# Items from a data source
_ _ _
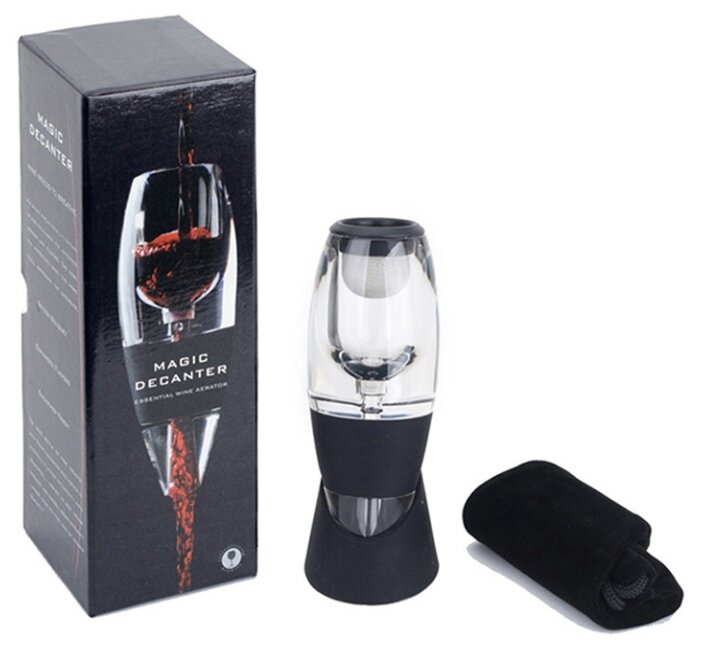 Perangkat sederhana untuk memenuhi minuman dengan oksigen. Ini juga memungkinkan Anda untuk dengan hati-hati, tanpa menumpahkan anggur, menuangkannya ke dalam gelas. Diproduksi dari plastik hitam berkualitas tinggi yang aman, yang memberikan tampilan yang mulia. Harga rata-rata: 850 rubel.
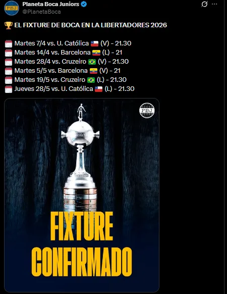 Boca ya conoció a sus rivales en la Copa Libertadores 2026. En el transcurso de este viernes 20 de marzo, el equipo supo exactamente en qué días y horarios disputará cada partido. Junto con el Torneo Apertura y la Copa Argentina se vendrá un trajín bastante importante para los dirigidos por Claudio Úbeda.
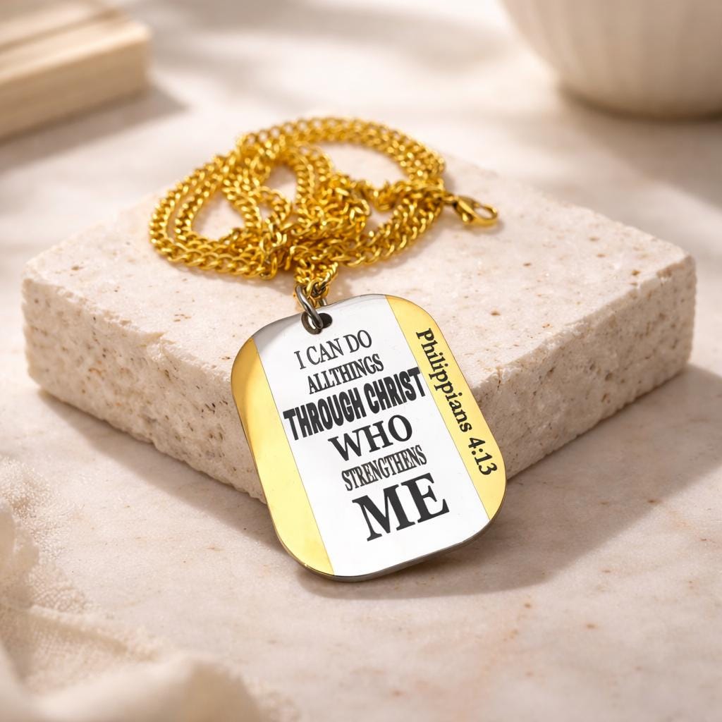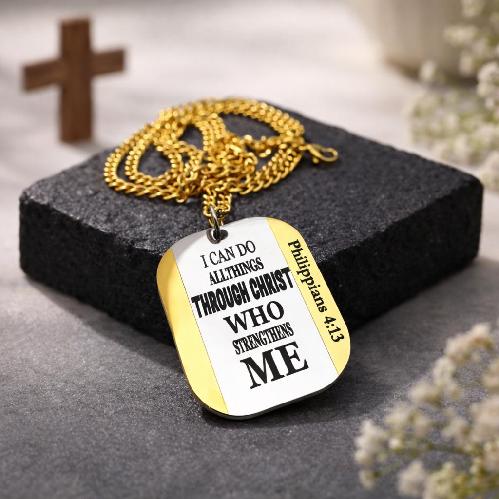 I can do all things through Christ who strengthens me. Philippians 4:13 Thick Pendant for Men Women Kids Girls Boys.
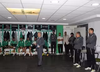 El nuevo presidente y su antecesor en el cargo, Miguel Guillén, se reunieron esta mañana en el vestuario con los futbolistas y el cuerpo técnico, el primero para despedirse y Domínguez Platas para tomar el relevo.
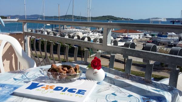 Kompletno i suvremeno opremljeni apartmani u Vodicama, smješteni prvi red do mora uz ACI marinu. Objekt se nalazi između centra grada i plaže (samo 100 m od centra i 100 m od istočne plaže Hangar). Svi apartmani imaju širok pogled na more i cijelu panoramu.
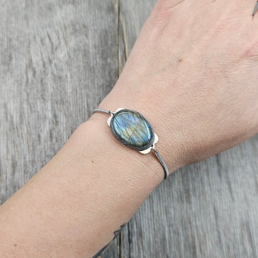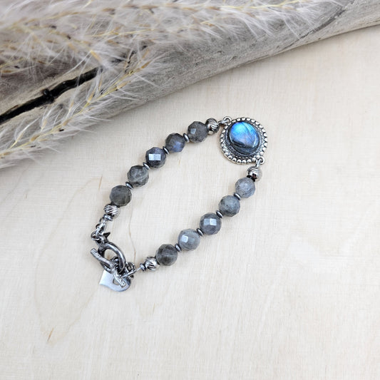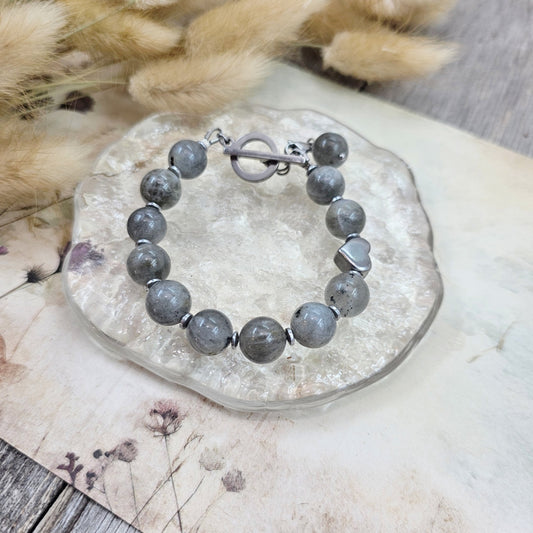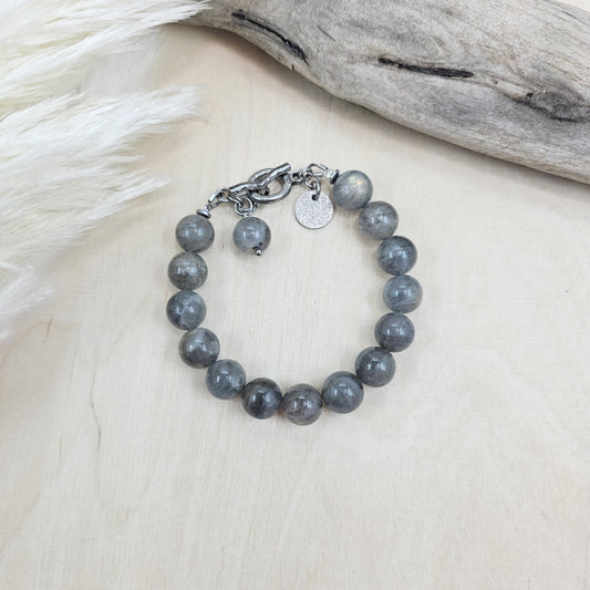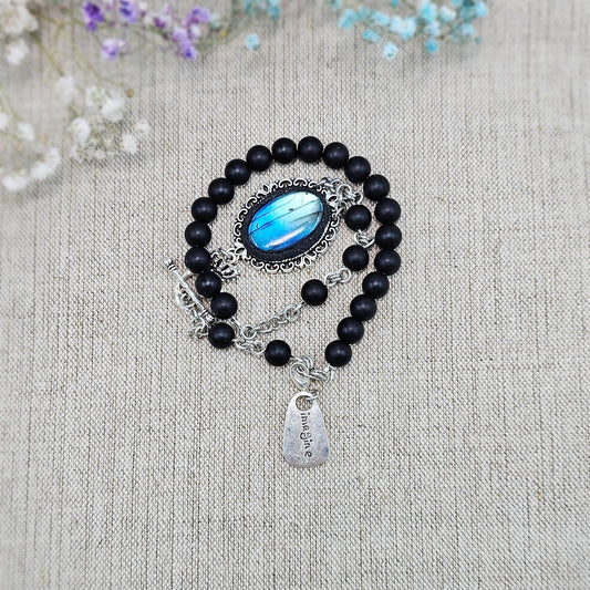 Klasikinė apyrankė su mėlynu labradoritu ir juodo hematito karoliukais
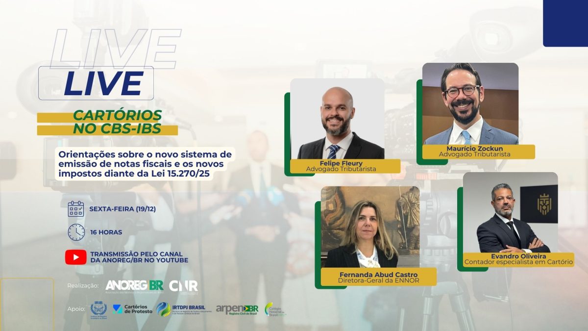 A Anoreg/BR e o Colégio Notarial do Brasil (CNR) promovem, nesta sexta-feira, 19 de dezembro, às 16h, a live “Cartórios do CBS – IBS”, que abordará orientações sobre o novo sistema de emissão de notas fiscais e os novos impostos previstos na Lei nº 15.270/2025….
_ _ _
# How to complete this task
What is needed is an exact copy of only the lines from the line containing "Kompletno i suvremeno" through the last line of the entries, inclusive, without the pictures.

# Solution for this task
 Kompletno i suvremeno opremljeni apartmani u Vodicama, smješteni prvi red do mora uz ACI marinu. Objekt se nalazi između centra grada i plaže (samo 100 m od centra i 100 m od istočne plaže Hangar). Svi apartmani imaju širok pogled na more i cijelu panoramu.
 Klasikinė apyrankė su mėlynu labradoritu ir juodo hematito karoliukais
 A Anoreg/BR e o Colégio Notarial do Brasil (CNR) promovem, nesta sexta-feira, 19 de dezembro, às 16h, a live “Cartórios do CBS – IBS”, que abordará orientações sobre o novo sistema de emissão de notas fiscais e os novos impostos previstos na Lei nº 15.270/2025….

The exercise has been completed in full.